Mental Health and Exercise: What’s the big deal?
To be consumed alongside the Instagram and Podcast series of the same name, this series aims to look through the world of strength training through the lens of mental health and sheds light on different people with different living, working, or health conditions.
What does the current landscape of mental health support look like?
As we know, mental health places a considerable burden on the individual, the social support network, and the healthcare system as a whole. Over the years, research engaging in exercise has been demonstrated to improve mental health outcomes comparable to medication.
Exercise is medicine.
We’ll hear this phrase touted from all parties that practice in the area of exercise for health. There’s already a lot of support in place for someone with conditions like cardiovascular disease or diabetes to begin exercising. There is a growing network of Allied Health Practitioners who are pushing for exercise to be considered among treatment options for people with mental illness.
Despite an impressive body of evidence supporting exercise as a treatment option for mental health, healthcare support systems are yet to catch up, only offering exercise or exercise-related therapies to people with chronic musculoskeletal, cardiovascular, or metabolic conditions.
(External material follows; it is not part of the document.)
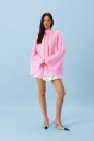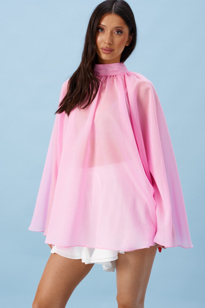 Блузка свободного кроя, выполнена из полупрозрачного полотна розового цвета. Характеристика : свободный крой, воротник стойка сзади на застежке петли пуговицы. Рукав-реглан. Длина рукава от горловины 75см, длина по спинке 74см
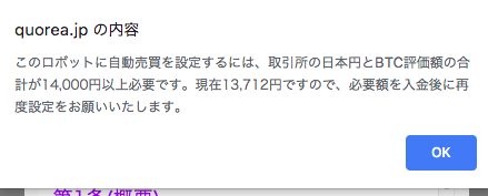 ロボットの自動売買をONにしたときに、このような表示が出る場合があります。

Who funds support for mental health?
The COVID-19 pandemic jettisoned mental health to the early 2020’s zeitgeist, sparking conversations and actions built to further education and support into mental health. Part of this was the Australian Medicare system adding further funding towards psychological interventions, increasing the rebate sessions from 10 to 20 per calendar year.
This was undoubtedly a positive move but knowing that exercise interventions also improved mental health outcomes, exercise-based professionals were still left by the wayside. Obviously the huge growth in online personal training groups were a positive, financially accessible step but for people without experience or fondness of these modalities, it was difficult to break through into exercise for health.
How else can I get support?
We won’t touch on the NDIS system here as that is going to be covered in a separate blog.
In the case of support for Medicare/DVA, Return to Work or other insurance claims, all too often we see a trend of treatment approvals based on table top tests rather than the mental health of the patient related to either the injury or factors around the injury.
“Range of motion is good? Good.”
“Oh they’re still anxious and in pain? Get them into a psychologist that may be available in 3 months.”
***Just a quick note: I am not saying don’t see a psychologist. I am merely explaining how, as an exercise-based healthcare professional, we are overlooked on the mental health assistance we provide on a smaller but more frequent basis.***
This can obviously be very frustrating on our level of client interactions and the pride we put into our client care.
Good news is that at the time of writing this, The Queensland Mental Health Select Committee released an enquiry to increase opportunities to improve mental health outcomes for Queenslanders. Part of this was a recommendation to integrate dietitians and exercise physiologists within the mental health workforce to provide more holistic care to people experiencing mental and physical health comorbidities.

So how can we use exercise to support mental health?
Short answer from the research perspective is that there’s no specific findings comparing different modalities. The aim is having support in completing Australian Healthy Guidelines of 150min of vigorous or 300min of moderate-intensity physical activity.
My general argument stems from the social support engaging in frequent physical activity through varying modalities. Lifting can be empowering. Running can be exhausting. Yoga can be relaxing. A coach can act as the void you vent into (within reason).
Ok so, how do you create that support for an individual from exercise selection/ specificity?
From a programming perspective, we want to create a program that the client wants to do. Easier said than done. We might spend a bit more time introducing someone to the general feeling of movement, ensuring more difficult exercises can be done under supervision for a short time.
It’s honestly always surprising and a good feeling when a client with no previous enjoyment of strength training actually lights up when a movement feels good.
Perhaps this will become a program staple for now?
Depending on the experience and goals, we may need to employ some level of trickery to balance what we need to get out of the program and what the client wants to do in the program. This might entail;
More thinking
Less thinking
The famed “shit sandwich” approach
Simple movements
Complex movements
Ascending, descending, tri-, quad-, super- sets
Playing with volume, constraints, load, RPE, set numbers
It’s quite a bit to consider but that’s my role. You just do the thing, self-regulate, and communicate your findings.

Final thoughts…
There’s a lot to explore in the realm of mental health and secondary comorbidities which is why we’re going to continue plugging these blogs, podcasts, and posts.